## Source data
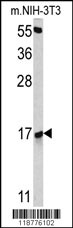 Western blot analysis of RBM3 antibody (Center) (Cat. AMR09701G) in NIH-3T3 cell line lysates (35ug/lane). RBM3 (arrow) was detected using the purified Pab.
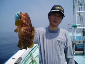 27 May ASK釣り紀行 五月二十三日(金) 今日は快晴です。風もなく、立体授業もなく、べた凪です。 日本海までやってきました。 えさの活いわしを針につけて、第一投。いきなりあたりがあり、まずは中サイズのガシラをゲット。 その後、投入ごとにガシラが釣れてきます。 突然ガガーン!! 写真のアコウです。 アコウの色を絵の具でつくるなら、上杉先生、どのように混色しますか? 袖長 省二 [0回] 2008/05/27 (Tue) 13:26 魚釣り Trackback() Comment(2)
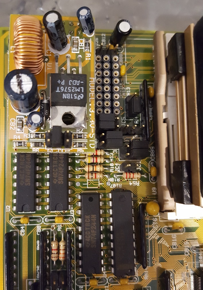 This connects into J2 on the motherboard, which is in the far corner near the CPU. Without the voltage regulator connected, the motherboard assumes you are using a 5 volt CPU. In this configuration J2 has both its end jumpers shorted. These both need to be removed before fitting the daughterboard.
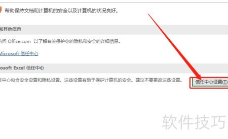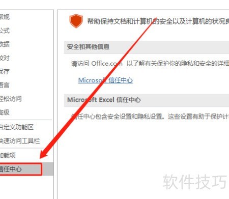 3、 进入Excel选项,选择信任中心设置,操作所示。
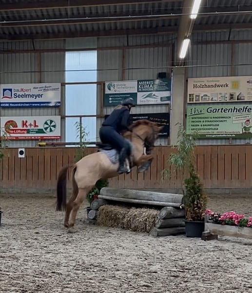 Fakten voran: - Deutsches Reitpony - 6 Jahre - 1.50m (deckt auch Erwachsene bis 1.70m gut ab) - fuchsfalbe mit Alstrich - Allrounder mit Schwerpunkt Springen/VS - geländesicher - absolut unerschrocken - gesund Djinny ist ein Deutsches Reitpony, 6 jährig, 1.50m und Fuchsfalbe mit Alstrich. Sie ist sehr unerschrocken, es gibt nichts was sie aus der Ruhe bringt (laute Geräusche, Trubel, fremde Umgebungen, bellende Hunde- alles egal). Sie ist ein echter Allrounder! Ob am langen Zügel alleine durchs Gelände oder Parcoursspringen, sie ist bei allem dabei. Gelände und Springen sind auch die Dinge die ihr am meisten Freude bereiten. Beim springen ist sie sehr talentiert und zuverlässig am Sprung. Alles in einem ein tolles Pony für den ambitionierten Freizeitbereich oder auch für den Sport!
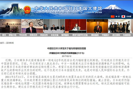 The Chinese Embassy in Japan on Sunday issued an alert to its nationals who have plans to travel in Japan, reminding them of the high-level radiation inside a damaged reactor of the Fukushima Daiichi nuclear plant.

## Required work
Could you output exactly the lines above, from the line with "3、 进入Excel选项,选择信任中心设置,操作所示。" up to and including the line with "Fakten voran: - Deutsches", and nothing else, skipping the pictures?

## Written answer
 3、 进入Excel选项,选择信任中心设置,操作所示。
 Fakten voran: - Deutsches Reitpony - 6 Jahre - 1.50m (deckt auch Erwachsene bis 1.70m gut ab) - fuchsfalbe mit Alstrich - Allrounder mit Schwerpunkt Springen/VS - geländesicher - absolut unerschrocken - gesund Djinny ist ein Deutsches Reitpony, 6 jährig, 1.50m und Fuchsfalbe mit Alstrich. Sie ist sehr unerschrocken, es gibt nichts was sie aus der Ruhe bringt (laute Geräusche, Trubel, fremde Umgebungen, bellende Hunde- alles egal). Sie ist ein echter Allrounder! Ob am langen Zügel alleine durchs Gelände oder Parcoursspringen, sie ist bei allem dabei. Gelände und Springen sind auch die Dinge die ihr am meisten Freude bereiten. Beim springen ist sie sehr talentiert und zuverlässig am Sprung. Alles in einem ein tolles Pony für den ambitionierten Freizeitbereich oder auch für den Sport!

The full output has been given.